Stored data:

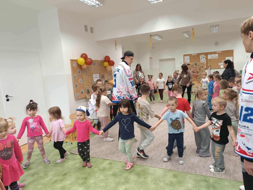 Największą radość sprawiło przekazanie zebranych darów. Przedszkolaki mogły osobiście wręczyć karmę, koce i akcesoria, a hokeiści podziękowali dzieciom i wręczyli im pamiątkowe upominki.
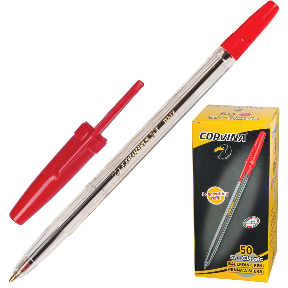 Купить Набор ручек шариковых "Corvina 51", красная, 1мм, прозрачный корпус, 50 штук
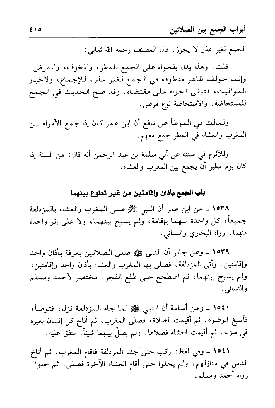 1538- عَنْ ابْنِ عُمَرَ أَنَّ النَّبِيَّ - صلى الله عليه وسلم - صَلَّى الْمَغْرِبَ وَالْعِشَاءَ بِالْمُزْدَلِفَةِ جَمِيعًا كُلُّ وَاحِدَةٍ مِنْهُمَا بِإِقَامَةٍ وَلَمْ يُسَبِّحْ بَيْنَهُمَا، وَلَا عَلَى أَثَرِ وَاحِدَةٍ مِنْهُمَا. رَوَاهُ الْبُخَارِيّ وَالنَّسَائِيُّ.
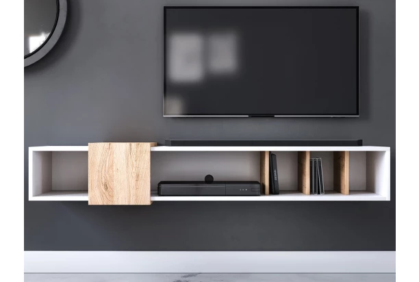 Nástěnný TV stolek v moderním stylu má celkovou šířku 150 cm a různě velké odkládací přihrádky pro uložení elektroniky, drobností nebo i dekorací. Jednoduchá, funkční a zároveň zajímavě řešená konstrukce je vyrobena v kombinaci bílá/dub zlatý. Zavěšené řešení TV stolku působí v místnosti vzdušně a zároveň umožňuje snadné udržování podlahy.
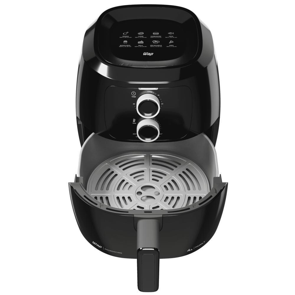 Fritadeira Elétrica WAP Family 4L WAFF2-P 110VMais sabor, crocância e praticidade para você inovar nas receitas!Com a capacidade de 4 litros, a Fritadeira Elétrica WAP Family tem potência e espaço para transformar cada aventura na cozinha em descobertas deliciosas. Parceira em tamanho família, ela despertará sua criatividade no preparo de refeições saborosas, mais saudável e prática em grandes porções.A preocupação com pontos frios ou partes malcozidas ficou no passado! Com a tecnologia de circulação de ar quente em 360°, a Air Fryer Family 4L é a chave para receitas irresistíveis. Ela envolve os alimentos em todos os ângulos, garantindo resultados crocantes por fora e macios por dentro.O design quadrado do cesto da air fryer preta tem lugar e estilo de sobra para suas receitas. O espaço extra garante que a cocção de cada pedaço seja uniforme e rápida. Além disso, a grelha removível permite uma circulação eficiente do ar para realçar o sabor das refeições.Para manter sua cozinha sempre impecável, o revestimento antiaderente torna a limpeza uma tarefa simples e eficaz. Impedindo que os alimentos e a gordura grudem na grelha e no cesto, ele ainda possibilita a higienização dos acessórios na máquina de lavar louças.A potência de 1500W garante resultados de dar Água na boca aos seus pratos. Ganhe mais sabor, enquanto economiza tempo, mesmo no preparo de grandes porções. Domine o ponto de cada receita como os chefs, ao ajustar a temperatura da Fritadeira Elétrica WAP Family, que tem a amplitude de 80°C a 200°C.Descubra uma maneira mais saudável e prática de cozinhar com a air fryer 4L. Frite, asse, desidrate ou toste seus alimentos favoritos sem a necessidade de óleo ou manteiga. O timer de 60 minutos assegura que suas receitas estejam prontas no tempo certo, enquanto o aviso sonoro indica o término do preparo.Liberte sua imaginação e crie receitas incríveis para toda a família. A Fritadeira Elétrica WAP Family 4L é a escolha perfeita para refeições saudáveis, práticas e cheias de sabor.WAP | Deixa tudo mais fácil.Cor: Preta Potência: 1500W Ação do produto: Assar, cozinhar, gratinar e fritar seus alimentos Aviso sonoro: Sim Dimensões do produto (C x L x A): 32,4 x 27,3 x 29,7 cm Tipo de tomada (amperes): 20A (110V) 10A (220V) Comprimento do cabo elétrico: 0,8m Luz indicadora de funcionamento: Sim Material: Polímeros e Metais Timer: 0-60 min Acessórios: Grelha removível Manual de instruções: Clique aqui para Revestimento antiaderente: Sim Capacidade total: 4L Dimensões da caixa (C x L x A): 30,6 x 30,x6 x 33 cm Frequência: 60Hz Peso líquido: 3,3 kg Código EAN: 7899831331796 (110V) / 7899831331802 (220V) Código WAP: FW010116 (110V) / FW010117 (220V) Desligamento automático:: Sim Voltagem: 110V ou 220V (Escolher no momento da compra) Tipos de alimentos que comporta: Prepara petiscos, massas, carnes, pastéis, pão de queijo, churros, peixes, vegetais entre outros. Temperatura: 80-200 °C Peso bruto: 3,7 kg
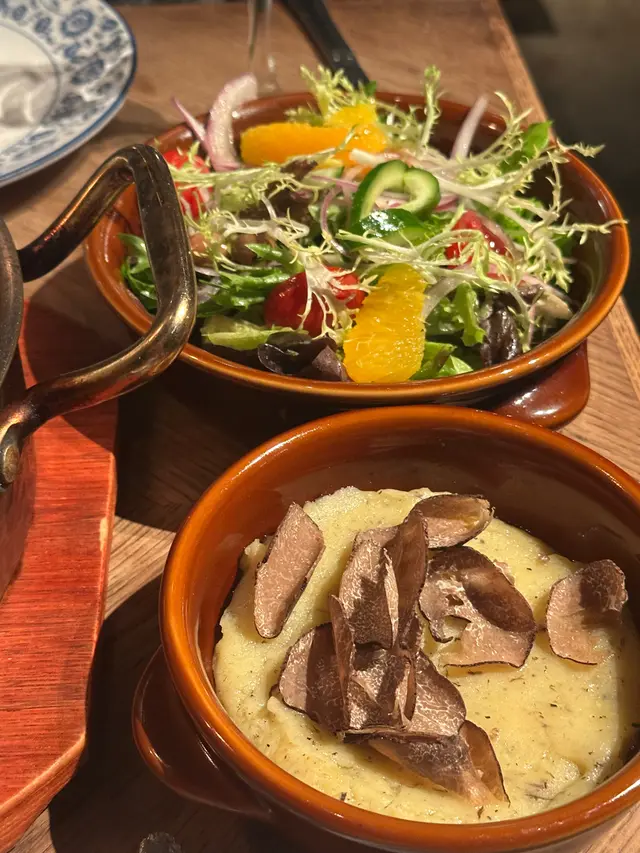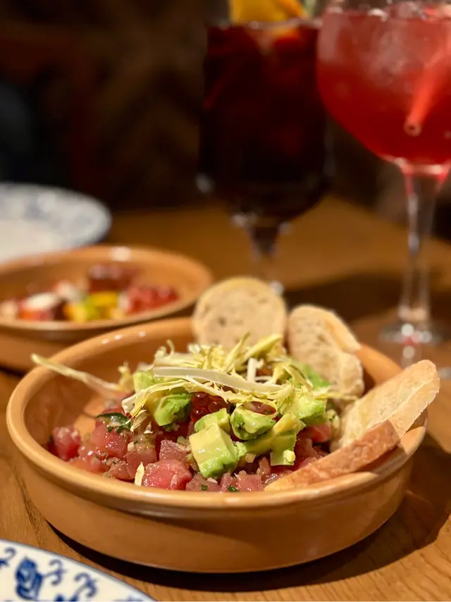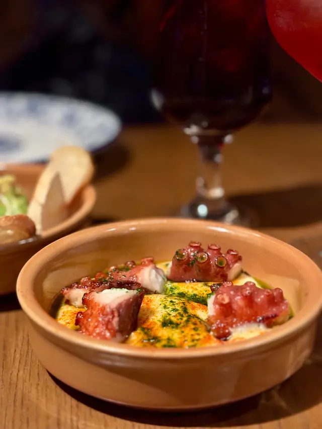😮好難得見到平日三層都坐爆場嘅餐廳! 🇪🇸呢間西班牙菜餐廳超高性價比! $700/2人竟然有齊前菜、主菜、配菜同埋甜品! 我地見之前原價要$500 per head,而家做緊優惠,即刻黎食!餐廳位於灣仔,有3層用餐區,裝潢古典雅緻,staff亦好識同客人互動帶動氣氛,黎慶生、朋友或家庭聚會, business meeting都好岩! 見同場有生日慶祝,waiter會即席彈結他唱生日歌🎸🎂睇到唔少有尷尬癌紅都面晒嘅I人🤣我地點咗Dinner set,先黎前菜➡️”Baby Squid 香草油墨魚仔",墨魚仔鮮嫩彈牙,搭配香草油提升咗味道,每一啖都有海鮮嘅鮮味,食落去好開胃!🤤➡️”Txistorra Broken Egg 西班牙紅椒香腸流心蛋",係必點推介! 西班牙香腸帶少少煙燻味,鹹香惹味,流心蛋一戳就蛋黃流晒出嚟,加埋d脆條,令口感層次更加豐富!👍🏻黎到主菜➡️”Juicy Lobster Rice 原隻波士頓龍蝦燴飯"🦞,個飯吸盡龍蝦汁精華,飯芯保持咬口唔會煮到爛融融。波士頓龍蝦蝦肉唔黐殼,不過個人認為有少少overcook唔夠彈牙,同咪呢道菜係share plate即係1道=2人份,點佢就會揀少樣主菜~佢嘅side dish都唔馬虎,➡️”Truffle Potato Mash 松露薯蓉",滑到好似食緊薯蓉慕絲!黑松露油落得夠重手,每啖都食到松露香味👍🏻 口感輕盈又唔會過於油膩,配飯或單食都好正!☺️最後甜品揀咗➡️”3” Cheese Cake 3吋芝士蛋糕",超級大份,真係有3英吋高!芝士味濃得嚟唔漏,中間有藍莓醬中和膩感,甜度適中,完場甜品揀佢穩陣冇伏!😋➡️”Churros Bite 西班牙油條粒",即炸熱辣辣,油條粒外脆內糯,砂糖肉桂粉灑得夠豪爽😍沾埋朱古力醬罪惡感爆棚,真係完美搭配!👍🏻本身見餐廳評價參差,見有優惠就抱住一試無妨嘅心態去食,唔知係咪改善咗,成個食餐體驗感覺好好,食物整體都好高質抵食,絕對係會放入回訪list,希望佢keep住水準啦👍🏻…查看更多

- WHAT TO PRODUCE -
Your answer should be the lines from the first record down to the line containing "Nástěnný TV stolek", restated exactly, with no pictures.

- EXERCISE ANSWER -
 Największą radość sprawiło przekazanie zebranych darów. Przedszkolaki mogły osobiście wręczyć karmę, koce i akcesoria, a hokeiści podziękowali dzieciom i wręczyli im pamiątkowe upominki.
 Купить Набор ручек шариковых "Corvina 51", красная, 1мм, прозрачный корпус, 50 штук
 1538- عَنْ ابْنِ عُمَرَ أَنَّ النَّبِيَّ - صلى الله عليه وسلم - صَلَّى الْمَغْرِبَ وَالْعِشَاءَ بِالْمُزْدَلِفَةِ جَمِيعًا كُلُّ وَاحِدَةٍ مِنْهُمَا بِإِقَامَةٍ وَلَمْ يُسَبِّحْ بَيْنَهُمَا، وَلَا عَلَى أَثَرِ وَاحِدَةٍ مِنْهُمَا. رَوَاهُ الْبُخَارِيّ وَالنَّسَائِيُّ.
 Nástěnný TV stolek v moderním stylu má celkovou šířku 150 cm a různě velké odkládací přihrádky pro uložení elektroniky, drobností nebo i dekorací. Jednoduchá, funkční a zároveň zajímavě řešená konstrukce je vyrobena v kombinaci bílá/dub zlatý. Zavěšené řešení TV stolku působí v místnosti vzdušně a zároveň umožňuje snadné udržování podlahy.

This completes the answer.